Customer Content includes content of Customer's customers and/or users of
Customer's website. Accordingly, under this Agreement, you will be
responsible for your customers content and activities on your website.
Notwithstanding anything to the contrary contained in this Agreement,
ONSTART may immediately take corrective action, including removal of all
or a portion of the Customer Content, disconnection or discontinuance of
any and all Services, or termination of this Agreement in the event of any
single violation by Customer of the Usage Policy. In the event ONSTART
takes corrective action due to a violation of the Usage Policy, ONSTART
shall not refund to Customer any fees paid in advance of such corrective
action. Customer hereby agrees that ONSTART shall have no liability to
Customer or any of Customer's customers due to any corrective action that
ONSTART may take (including, without limitation, disconnection of
Services).
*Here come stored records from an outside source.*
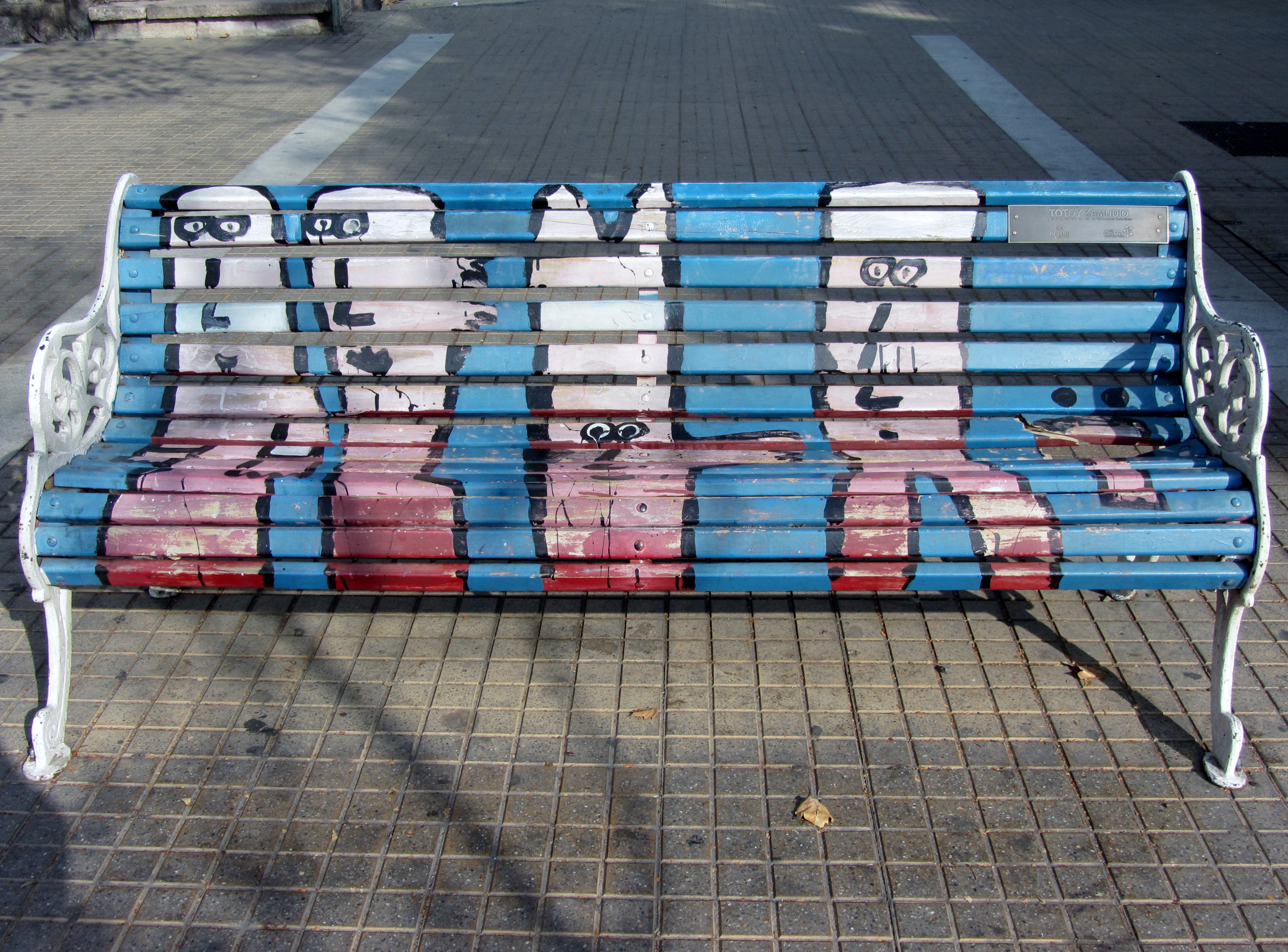 Me encantaron los bancos con pinturas de famosos, este es de Totoy Zamudio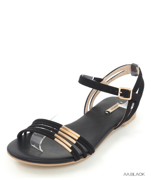 ゴールドのメタリックパーツがクールな印象のフラットサンダルです。ワンカラーでまとめたので、ポイントカラーは足元にアクセントをプラスできます。足首ストラップで固定されて歩きやすく、たくさん歩くお出かけにもピッタリです。140529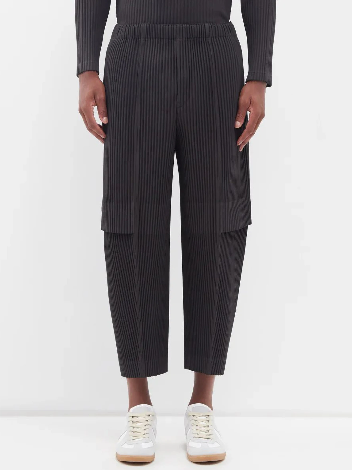 Брюки-карго Miyake мужские Плиссированные, черные штаны до щиколотки с завышенной талией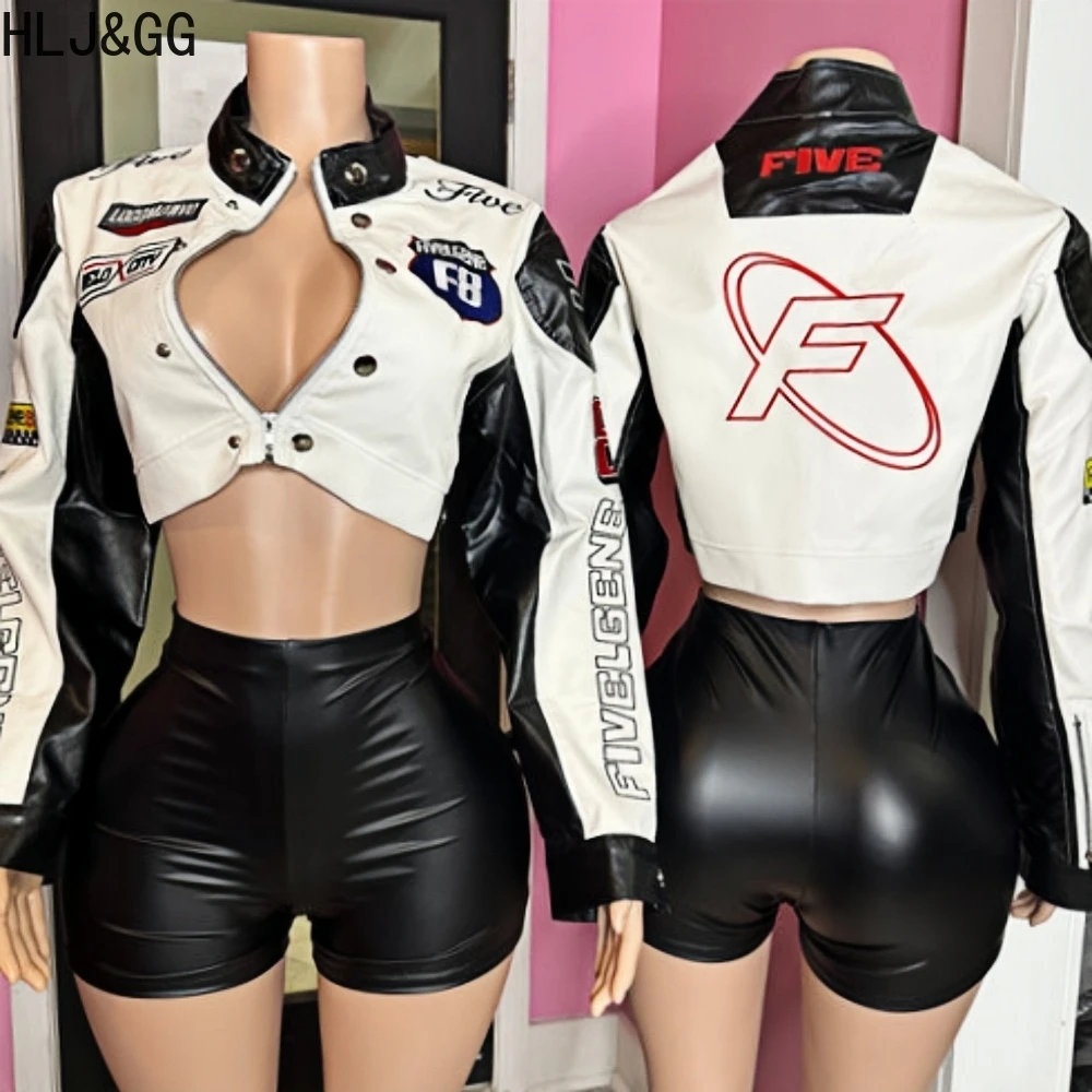 Отзывы о HLJ &GG модная кожаная куртка с буквенным принтом комплекты из двух предметов

Advance notice of a violation of the Usage Policy is not
required prior to corrective action, and any advance notice given to
Customer by ONSTART shall not constitute a waiver or revision of any
provision of this Agreement. ONSTART’s decision not to immediately
implement corrective action shall not constitute a waiver or revision of
any provision of this Agreement, including but not limited to ONSTART’s
right under this Agreement to take corrective action following any single
violation by Customer of the Usage Policy.
B. MEMBER CONDUCT
Customer hereby acknowledges that all information, data, text, software,
music, sound, photographs, graphics, video, messages or other materials
("Content"), whether publicly posted or privately transmitted, are the
sole responsibility of the person from which such Content originated. This
means that you, and not ONSTART, are entirely responsible for all Content
that you upload, post or otherwise transmit via the Service. ONSTART does
not control the Content posted via the Service and, as such, does not
guarantee the accuracy, integrity or quality of such Content. You
understand that by using the Service, you may be exposed to Content that
is offensive, indecent or objectionable.
You agree to not use the Service to:
(a) upload, post or otherwise transmit any Content that is unlawful,
harmful, threatening, abusive, harassing, tortious, defamatory, vulgar,
obscene, libelous, invasive of another's privacy, hateful, or racially,
ethnically or otherwise objectionable;
(b) harm minors in any way;
(c) impersonate any person or entity, including, but not limited to, an
ONSTART official, forum leader, guide or host, or falsely state or
otherwise misrepresent your affiliation with a person or entity;
(d) forge headers or otherwise manipulate identifiers in order to disguise
the origin of any Content transmitted through the Service or develop
restricted or password-only access pages, or hidden pages or images (those
not linked to from another accessible page);
(e) upload, post or otherwise transmit any Content that you do not have a
right to transmit under any law or under contractual or fiduciary
relationships (such as inside information, proprietary and confidential
information learned or disclosed as part of employment relationships or
under nondisclosure agreements);
(f) upload, post or otherwise transmit any Content that infringes any
patent, trademark, trade secret, copyright or other proprietary rights of
any party;
(g) upload, post or otherwise transmit any unsolicited or unauthorized
advertising, promotional materials, "junk mail," "spam," "chain letters,"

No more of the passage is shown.